WHAT TO PRODUCE: Leaving out every picture, quote the data below exactly as it appears.

DATA EXCERPT:

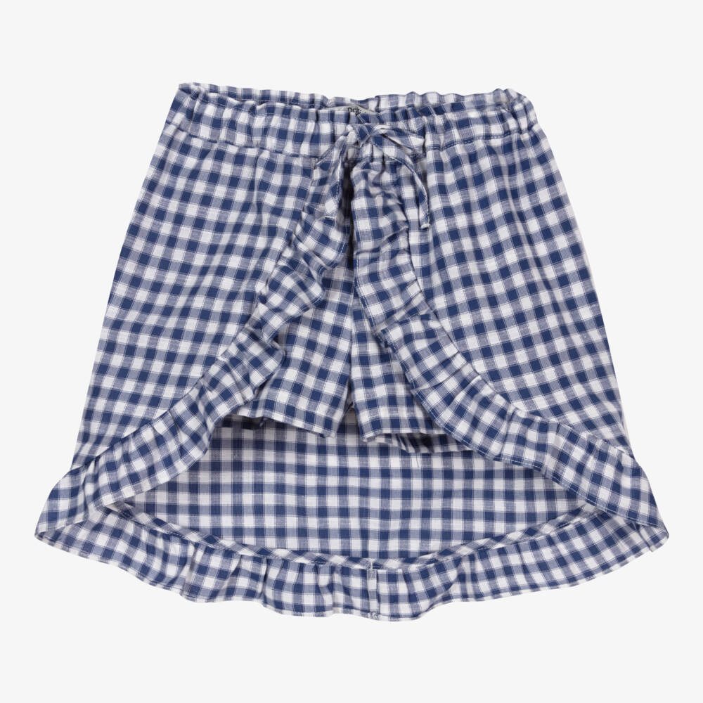 Girls white and navy blue gingham check skort from Dr. Kid, made in a mid-weight cotton and linen blend. In a pull-on style, the waist is elasticated with a tied bow on the front. The ruffle-trimmed skirt is open on the front to reveal the attached shorts and scoops to knee length on the back.
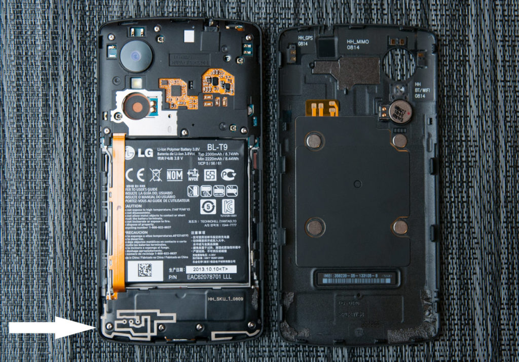 To, že môže ísť aj o krkolomné tvary môžete vidieť na spodnom obrázku telefónu Nexus 5. V oboch prípadoch si vytvorenie zvyšku antény v rámci celej konštrukcie nepleťte s konštrukciami veľkých cievok bezdrôtového napájania, ktoré v prípade Galaxy presvitajú ako veľký kruh a v prípade Nexusu ako veľký štvorec vpravo.
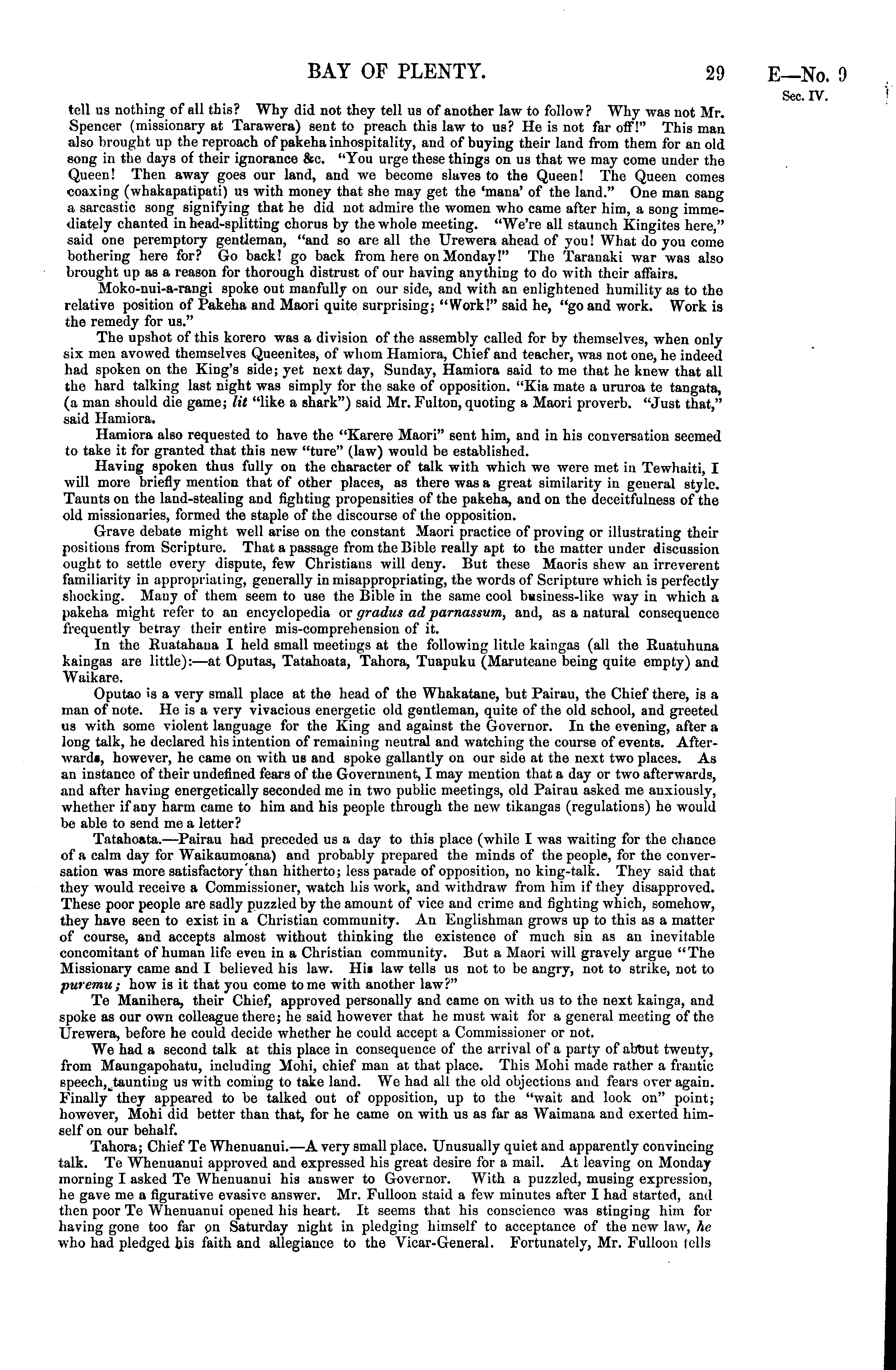 tell us nothing of all this? Why did not they tell us of another law to follow? Why was not Mr. Spencer (missionary at Tarawera) sent to preach this law to us? He is not far off!" This man also brought up the reproach of pakeha inhospitality, and of buying their land from them for an old song in the days of their ignorance &c. "You urge these things on us that we may come under the Queen! Then away goes our land, and we become slaves to the Queen! The Queen conies coaxing (whakapatipati) us with money that she may get the 'mana' of the land." One man sang a sarcastic song signifying that he did not admire the women who came after him, a song immediately chanted in head-splitting chorus by the whole meeting. "We're all staunch Kingites here," said ono peremptory gentleman, "and so are all the Urewera ahead of you! What do you come bothering here for? Go back! go back from here on Monday!" The Taranaki war was also brought up as a reason for thorough distrust of our having anything to do with their affairs. Moko-nui-a-rangi spoke out manfully on our side, and with an enlightened humility as to the relative position of Pakeha and Maori quite surprising; "Work!" said he, "go and work. Work is the remedy for us." The upshot of this korero was a division of the assembly called for by themselves, when only six men avowed themselves Queenites, of whom Hamiora, Chief and teacher, was not one, he indeed had spoken on the King's side; yet next day, Sunday, Hamiora said to me that he knew that all the hard talking last night was simply for the sake of opposition. "Kia mate a ururoa te tangata, (a man should die game; lit "like a shark") said Mr. Fulton, quoting a Maori proverb. "Just that," said Hamiora. Hamiora also requested to have the "Karere Maori" sent him, and in his conversation seemed to take it for granted that this new "ture" (law) would be established. Having spoken thus fully on the character of talk with which we were met in Tewhaiti, I will more briefly mention that of other places, as there was a great similarity in general style. Taunts on the land-stealing and fighting propensities of the pakeha, and on the deceitfulness of the old missionaries, formed the staple of the discourse of the opposition. Grave debate might well arise on the constant Maori practice of proving or illustrating their positions from Scripture. That a passage from the Bible really apt to the matter under discussion ought to settle every dispute, few Christians will deny. But these Maoris shew an irreverent familiarity in appropriating, generally in misappropriating, the words of Scripture which is perfectly shocking. Many of them seem to use the Bible in the same cool business-like way in which a pakeha might refer to an encyclopedia or gradus ad parnassum, and, as a natural consequence frequently betray their entire mis-comprehension of it. la the Ruatahana I held small meetings at the following little kaingas (all the Ruatuhuna kaingas are little): —at Oputas, Tatahoata, Tahora, Tuapuku (Maruteane being quite empty) and Waikare. Oputao is a very small place at the head of the Whakatane, but Pairau, the Chief there, is a man of note. He is a very vivacious energetic old gentleman, quite of the old school, and greeted us with some violent language for the King and against the Governor. In the evening, after a long talk, he declared his intention of remaining neutral and watching the course of events. Afterwardi, however, he came on with us and spoke gallantly on our side at the next two places. As an instance of their undefined fears of the Government, I may mention that a day or two afterwards, and after having energetically seconded me in two public meetings, old Pairau asked me anxiously, whether if any harm came to him and his people through the new tikangas (regulations) he would be able to send me a letter? Tatahoata. —Pairau had preceded us a day to this place (while I was waiting for the chance of a calm day for Waikaumoana) and probably prepared the minds of the people, for the conversation was more satisfactory than hitherto; less parade of opposition, no king-talk. They said that they would receive a Commissioner, watch his work, and withdraw from him if they disapproved. These poor people are sadly puzzled by the amount of vice and crime and fighting which, somehow, they have seen to exist in a Christian community. An Englishman grows up to this as a matter of course, and accepts almost without thinking the existence of much siu as an inevitable concomitant of human life even in a Christian community. But a Maori will gravely argue "The Missionary came and I believed his law. His law tells us not to be angry, not to strike, not to pur emu ; how is it that you come tome with another law?" Te Manihera, their Chief, approved personally and came on with us to the next kainga, and spoke as our own colleague there; he said however that he must wait for a general meeting of the Urewera, before he could decide whether he could accept a Commissioner or not. We had a second talk at this place in consequence of the arrival of a party of abtrat twenty, from Maungapohatu, including Mohi, chief man at that place. This Mohi made rather a frantic speech, taunting us with coming to take land. We had all the old objections and fears over again. Finally they appeared to be talked out of opposition, up to the "wait and look on" point; however, Mohi did better than that, for he came on with us as far as Waimana and exerted himself on our behalf. Tahora; Chief Te Whenuanui.—A very small place. Unusually quiet and apparently convincing talk. Te Whenuanui approved and expressed his great desire for a mail. At leaving on Monday morning I asked Te Whenuanui his answer to Governor. With a puzzled, musing expression, he gave me a figurative evasive answer. Mr. Fulloon staid a few minutes after I had started, and then poor Te Whenuanui opened his heart. It seems that his conscience was stinging him for having gone too fa

WRITTEN SOLUTION:
 Girls white and navy blue gingham check skort from Dr. Kid, made in a mid-weight cotton and linen blend. In a pull-on style, the waist is elasticated with a tied bow on the front. The ruffle-trimmed skirt is open on the front to reveal the attached shorts and scoops to knee length on the back.
 To, že môže ísť aj o krkolomné tvary môžete vidieť na spodnom obrázku telefónu Nexus 5. V oboch prípadoch si vytvorenie zvyšku antény v rámci celej konštrukcie nepleťte s konštrukciami veľkých cievok bezdrôtového napájania, ktoré v prípade Galaxy presvitajú ako veľký kruh a v prípade Nexusu ako veľký štvorec vpravo.
 tell us nothing of all this? Why did not they tell us of another law to follow? Why was not Mr. Spencer (missionary at Tarawera) sent to preach this law to us? He is not far off!" This man also brought up the reproach of pakeha inhospitality, and of buying their land from them for an old song in the days of their ignorance &c. "You urge these things on us that we may come under the Queen! Then away goes our land, and we become slaves to the Queen! The Queen conies coaxing (whakapatipati) us with money that she may get the 'mana' of the land." One man sang a sarcastic song signifying that he did not admire the women who came after him, a song immediately chanted in head-splitting chorus by the whole meeting. "We're all staunch Kingites here," said ono peremptory gentleman, "and so are all the Urewera ahead of you! What do you come bothering here for? Go back! go back from here on Monday!" The Taranaki war was also brought up as a reason for thorough distrust of our having anything to do with their affairs. Moko-nui-a-rangi spoke out manfully on our side, and with an enlightened humility as to the relative position of Pakeha and Maori quite surprising; "Work!" said he, "go and work. Work is the remedy for us." The upshot of this korero was a division of the assembly called for by themselves, when only six men avowed themselves Queenites, of whom Hamiora, Chief and teacher, was not one, he indeed had spoken on the King's side; yet next day, Sunday, Hamiora said to me that he knew that all the hard talking last night was simply for the sake of opposition. "Kia mate a ururoa te tangata, (a man should die game; lit "like a shark") said Mr. Fulton, quoting a Maori proverb. "Just that," said Hamiora. Hamiora also requested to have the "Karere Maori" sent him, and in his conversation seemed to take it for granted that this new "ture" (law) would be established. Having spoken thus fully on the character of talk with which we were met in Tewhaiti, I will more briefly mention that of other places, as there was a great similarity in general style. Taunts on the land-stealing and fighting propensities of the pakeha, and on the deceitfulness of the old missionaries, formed the staple of the discourse of the opposition. Grave debate might well arise on the constant Maori practice of proving or illustrating their positions from Scripture. That a passage from the Bible really apt to the matter under discussion ought to settle every dispute, few Christians will deny. But these Maoris shew an irreverent familiarity in appropriating, generally in misappropriating, the words of Scripture which is perfectly shocking. Many of them seem to use the Bible in the same cool business-like way in which a pakeha might refer to an encyclopedia or gradus ad parnassum, and, as a natural consequence frequently betray their entire mis-comprehension of it. la the Ruatahana I held small meetings at the following little kaingas (all the Ruatuhuna kaingas are little): —at Oputas, Tatahoata, Tahora, Tuapuku (Maruteane being quite empty) and Waikare. Oputao is a very small place at the head of the Whakatane, but Pairau, the Chief there, is a man of note. He is a very vivacious energetic old gentleman, quite of the old school, and greeted us with some violent language for the King and against the Governor. In the evening, after a long talk, he declared his intention of remaining neutral and watching the course of events. Afterwardi, however, he came on with us and spoke gallantly on our side at the next two places. As an instance of their undefined fears of the Government, I may mention that a day or two afterwards, and after having energetically seconded me in two public meetings, old Pairau asked me anxiously, whether if any harm came to him and his people through the new tikangas (regulations) he would be able to send me a letter? Tatahoata. —Pairau had preceded us a day to this place (while I was waiting for the chance of a calm day for Waikaumoana) and probably prepared the minds of the people, for the conversation was more satisfactory than hitherto; less parade of opposition, no king-talk. They said that they would receive a Commissioner, watch his work, and withdraw from him if they disapproved. These poor people are sadly puzzled by the amount of vice and crime and fighting which, somehow, they have seen to exist in a Christian community. An Englishman grows up to this as a matter of course, and accepts almost without thinking the existence of much siu as an inevitable concomitant of human life even in a Christian community. But a Maori will gravely argue "The Missionary came and I believed his law. His law tells us not to be angry, not to strike, not to pur emu ; how is it that you come tome with another law?" Te Manihera, their Chief, approved personally and came on with us to the next kainga, and spoke as our own colleague there; he said however that he must wait for a general meeting of the Urewera, before he could decide whether he could accept a Commissioner or not. We had a second talk at this place in consequence of the arrival of a party of abtrat twenty, from Maungapohatu, including Mohi, chief man at that place. This Mohi made rather a frantic speech, taunting us with coming to take land. We had all the old objections and fears over again. Finally they appeared to be talked out of opposition, up to the "wait and look on" point; however, Mohi did better than that, for he came on with us as far as Waimana and exerted himself on our behalf. Tahora; Chief Te Whenuanui.—A very small place. Unusually quiet and apparently convincing talk. Te Whenuanui approved and expressed his great desire for a mail. At leaving on Monday morning I asked Te Whenuanui his answer to Governor. With a puzzled, musing expression, he gave me a figurative evasive answer. Mr. Fulloon staid a few minutes after I had started, and then poor Te Whenuanui opened his heart. It seems that his conscience was stinging him for having gone too fa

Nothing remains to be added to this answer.